**Dataset:**

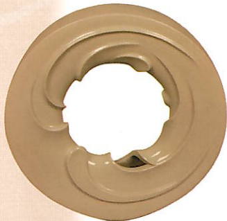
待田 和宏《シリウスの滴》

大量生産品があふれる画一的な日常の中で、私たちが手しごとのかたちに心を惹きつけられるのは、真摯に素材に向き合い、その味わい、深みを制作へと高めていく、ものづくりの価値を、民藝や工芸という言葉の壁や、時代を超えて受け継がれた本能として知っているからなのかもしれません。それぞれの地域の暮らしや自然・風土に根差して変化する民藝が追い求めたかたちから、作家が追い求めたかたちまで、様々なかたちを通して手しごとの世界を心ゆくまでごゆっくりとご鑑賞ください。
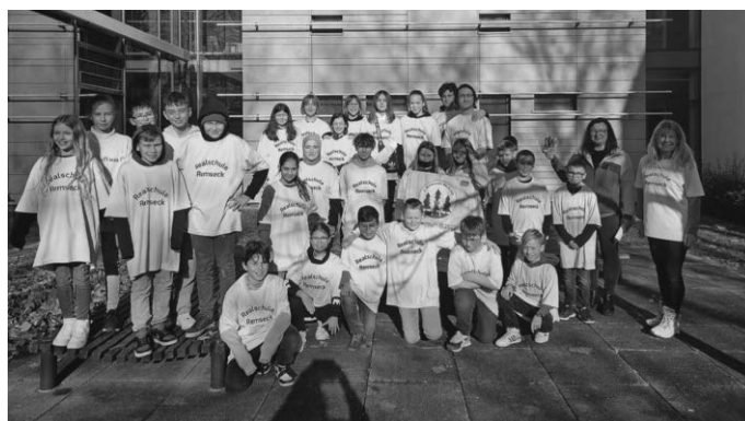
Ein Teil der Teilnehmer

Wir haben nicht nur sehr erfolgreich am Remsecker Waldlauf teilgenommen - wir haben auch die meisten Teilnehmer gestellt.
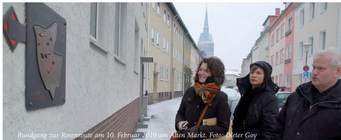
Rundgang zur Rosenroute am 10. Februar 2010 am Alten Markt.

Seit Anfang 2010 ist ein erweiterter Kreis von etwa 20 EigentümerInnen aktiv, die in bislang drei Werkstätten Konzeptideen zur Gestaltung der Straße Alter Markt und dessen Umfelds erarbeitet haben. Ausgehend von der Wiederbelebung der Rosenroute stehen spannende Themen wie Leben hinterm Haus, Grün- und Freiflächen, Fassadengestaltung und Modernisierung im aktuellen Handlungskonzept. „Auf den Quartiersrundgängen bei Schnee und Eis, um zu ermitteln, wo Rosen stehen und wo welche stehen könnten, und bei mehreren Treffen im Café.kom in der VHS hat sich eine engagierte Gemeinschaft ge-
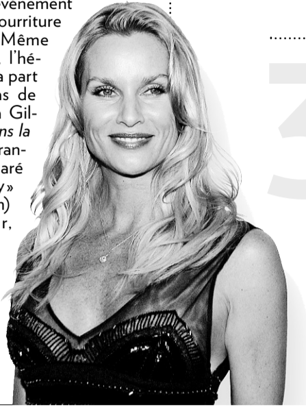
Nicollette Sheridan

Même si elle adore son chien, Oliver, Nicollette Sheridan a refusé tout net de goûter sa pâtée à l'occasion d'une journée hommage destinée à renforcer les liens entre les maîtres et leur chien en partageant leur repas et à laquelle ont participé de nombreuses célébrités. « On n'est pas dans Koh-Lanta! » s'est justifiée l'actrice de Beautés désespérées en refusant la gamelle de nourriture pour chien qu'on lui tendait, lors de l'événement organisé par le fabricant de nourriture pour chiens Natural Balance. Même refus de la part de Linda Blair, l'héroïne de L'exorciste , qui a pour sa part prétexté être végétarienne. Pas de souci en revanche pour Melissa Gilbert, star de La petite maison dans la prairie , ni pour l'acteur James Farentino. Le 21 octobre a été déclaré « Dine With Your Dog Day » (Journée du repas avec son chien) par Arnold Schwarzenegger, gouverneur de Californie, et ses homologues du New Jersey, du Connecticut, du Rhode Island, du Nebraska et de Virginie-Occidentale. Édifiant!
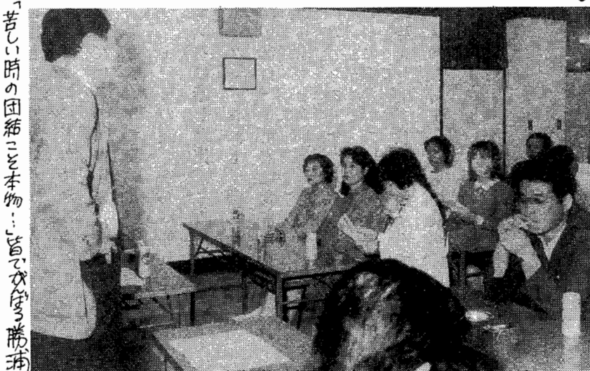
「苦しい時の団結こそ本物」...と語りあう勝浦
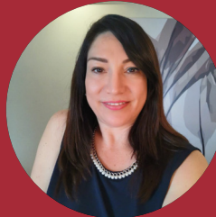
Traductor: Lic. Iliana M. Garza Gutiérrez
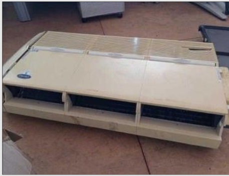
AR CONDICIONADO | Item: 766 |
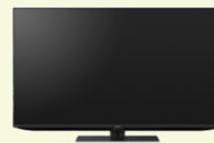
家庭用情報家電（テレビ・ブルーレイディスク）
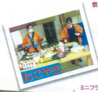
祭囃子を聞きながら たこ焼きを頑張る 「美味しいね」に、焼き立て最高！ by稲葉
...
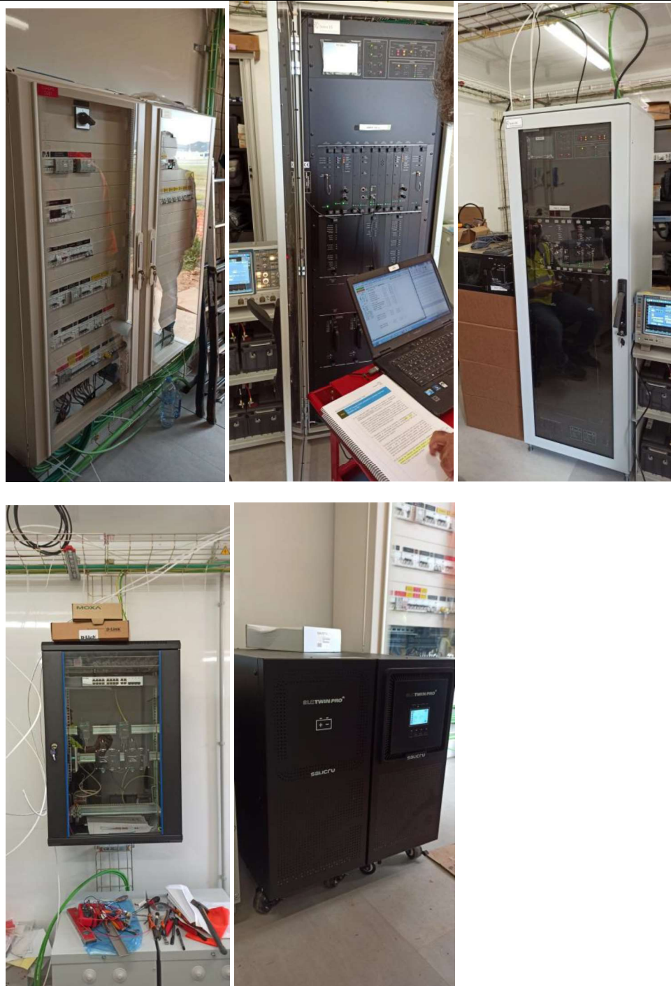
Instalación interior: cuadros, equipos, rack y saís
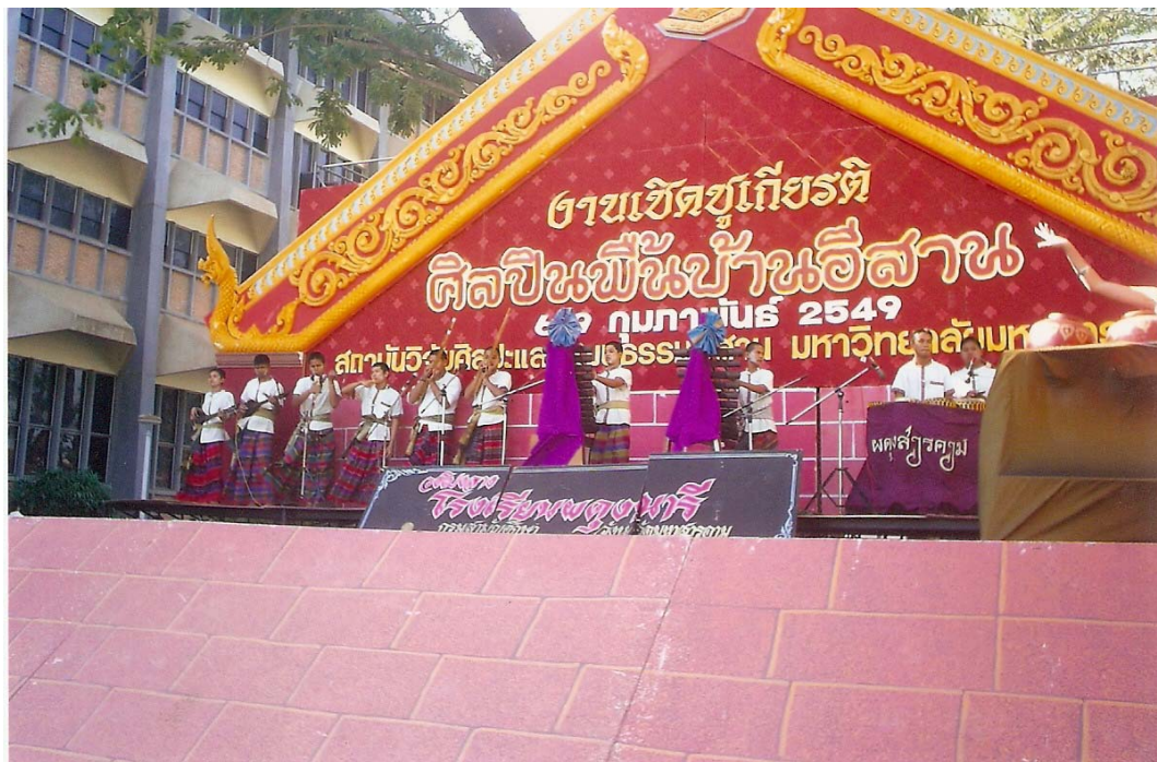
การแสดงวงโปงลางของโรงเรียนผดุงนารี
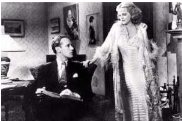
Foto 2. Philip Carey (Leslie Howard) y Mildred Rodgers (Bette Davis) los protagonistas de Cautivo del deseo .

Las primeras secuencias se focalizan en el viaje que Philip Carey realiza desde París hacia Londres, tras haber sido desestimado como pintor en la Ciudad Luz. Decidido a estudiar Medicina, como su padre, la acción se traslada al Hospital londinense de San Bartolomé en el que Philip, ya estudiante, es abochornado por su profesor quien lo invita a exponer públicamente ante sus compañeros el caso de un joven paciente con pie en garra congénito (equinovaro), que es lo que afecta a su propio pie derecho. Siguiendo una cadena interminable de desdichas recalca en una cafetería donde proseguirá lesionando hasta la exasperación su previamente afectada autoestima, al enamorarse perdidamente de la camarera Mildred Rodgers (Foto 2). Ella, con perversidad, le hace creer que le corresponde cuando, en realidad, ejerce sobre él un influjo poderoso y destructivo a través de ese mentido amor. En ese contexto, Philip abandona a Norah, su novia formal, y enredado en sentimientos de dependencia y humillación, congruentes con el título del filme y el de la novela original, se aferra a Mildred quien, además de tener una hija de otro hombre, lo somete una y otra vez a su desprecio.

**Task to carry out:** Only one part of the listing is wanted: the lines from the one containing "Même si elle" through the one containing "祭囃子を聞きながら たこ焼きを頑張る 「美味しいね」に、焼き立て最高！ by稲葉", both included. Please transcribe it exactly, leaving out the pictures.

**Exercise solution:**
Même si elle adore son chien, Oliver, Nicollette Sheridan a refusé tout net de goûter sa pâtée à l'occasion d'une journée hommage destinée à renforcer les liens entre les maîtres et leur chien en partageant leur repas et à laquelle ont participé de nombreuses célébrités. « On n'est pas dans Koh-Lanta! » s'est justifiée l'actrice de Beautés désespérées en refusant la gamelle de nourriture pour chien qu'on lui tendait, lors de l'événement organisé par le fabricant de nourriture pour chiens Natural Balance. Même refus de la part de Linda Blair, l'héroïne de L'exorciste , qui a pour sa part prétexté être végétarienne. Pas de souci en revanche pour Melissa Gilbert, star de La petite maison dans la prairie , ni pour l'acteur James Farentino. Le 21 octobre a été déclaré « Dine With Your Dog Day » (Journée du repas avec son chien) par Arnold Schwarzenegger, gouverneur de Californie, et ses homologues du New Jersey, du Connecticut, du Rhode Island, du Nebraska et de Virginie-Occidentale. Édifiant!
「苦しい時の団結こそ本物」...と語りあう勝浦
Traductor: Lic. Iliana M. Garza Gutiérrez
AR CONDICIONADO | Item: 766 |
家庭用情報家電（テレビ・ブルーレイディスク）
祭囃子を聞きながら たこ焼きを頑張る 「美味しいね」に、焼き立て最高！ by稲葉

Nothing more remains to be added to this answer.